The two of them walked back down to Dun na gCaleb, hand in hand.

“I wish you were coming to the GEF too,” Elrood said as they sat again on their bench.

“No, I need to stay here again. You know what that means.”

“Yes, I know,” Elrood said, smiling. “I’m not allowed to die. Mind you, if all goes to plan, soon I’ll not need laid to rest.”

“That’s not the point,” said Fionnuala sharply. “I will do it anyway. No harm in making sure, and besides,” she continued more softly, “it’d be one last thing I could do for you.”

He turned to her for a last kiss. When they stopped, several loiterers had found some very interesting things to look at, on the ground, in the sky, or out to sea. Fionnuala blushed a little, and laughed a little. “Be careful at the GEF,” she said. “I…I was going to say, I’ll find some time to come visit you afterwards, but…it’s not so easy now…”

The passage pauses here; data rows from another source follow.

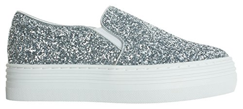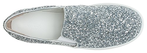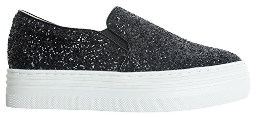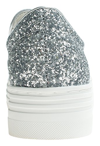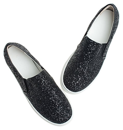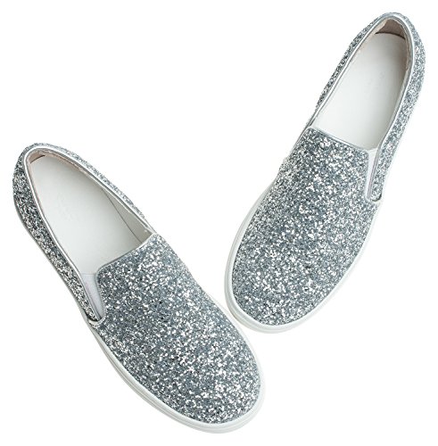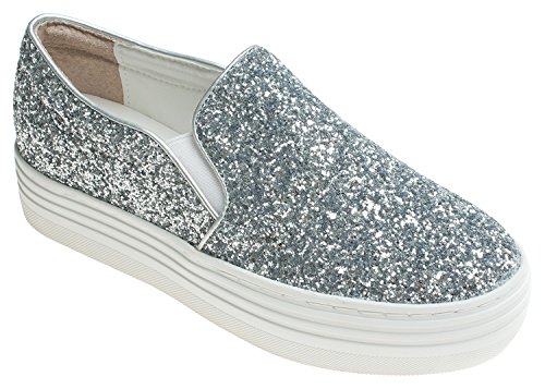 Product Description Glitter fashion slip on shoes by AnnaKastle. This skate sneaker features soft vegan glitter leather upper, round toe and mid platform. Pair it with your favorite pants or skirts for casual and glamourous look. 0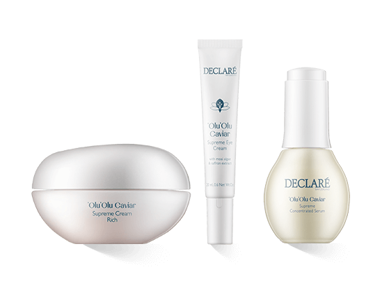 De collectie - bestaande uit vier essentiële huidverzorgingsproducten met hoogtepunten zoals de Supreme Cream Rich en het Supreme Concentrated Serum - is gericht op mensen die de kracht van natuurlijke essences waarderen voor holistische gezichtsverzorging. Vooral de gevoelige huid wordt gekalmeerd bij regelmatig gebruik van de huidverzorgingslijn. Deze exquise huidverzorgingslijn heeft ook een diepwerkend, hydraterend en merkbaar plumping effect. Verpakt in elegant glanzende, gesatineerde verpakkingen zoals crèmepotjes die doen denken aan rivierstenen en schelpparels, zijn de producten uit de Declaré 'Olu'Olu Caviar Supreme-lijn een decoratief hoogtepunt in de badkamer dat ook qua designesthetiek ongeëvenaard is.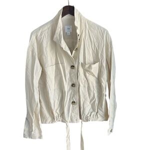 NWT DIP Cream Linen Women's Relaxed Fit Casual Utility Jacket Button Up Medium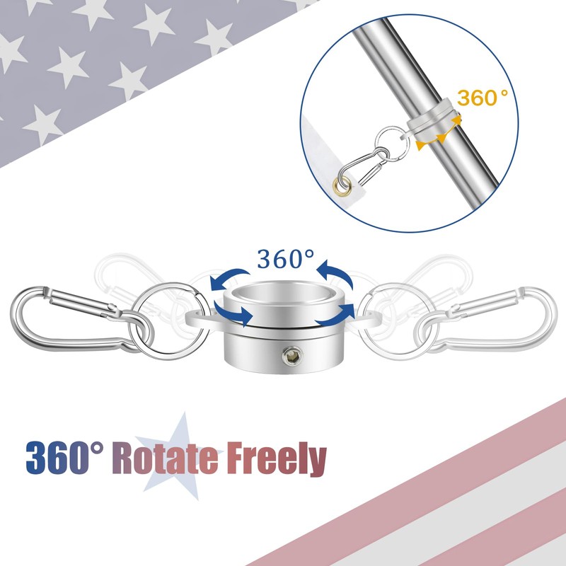 - New Upgraded Design - The mounting rings have a 360 degrees rotating anti-wrap ring, and we add a strong chain ring in order to make the best stabilizer clips for keeping flags in place and hang flag more conveniently. It allows flags to fly freely in the direction of the wind, and preventing the flag from wrapping around the flagpole.

“No,” Elrood replied. “But if any Armengarians need a way to get home afterwards, well, the Morning Cloud will be at their service. And I’ll get word to you that way. And now I’d better go.” He hugged her quickly, then picked up his bags and headed for the ship.

At the top of the gangplank, he paused to look back once more. Fionnuala raised a hand in farewell. He returned the gesture, and strode determinedly in the direction of his cabin.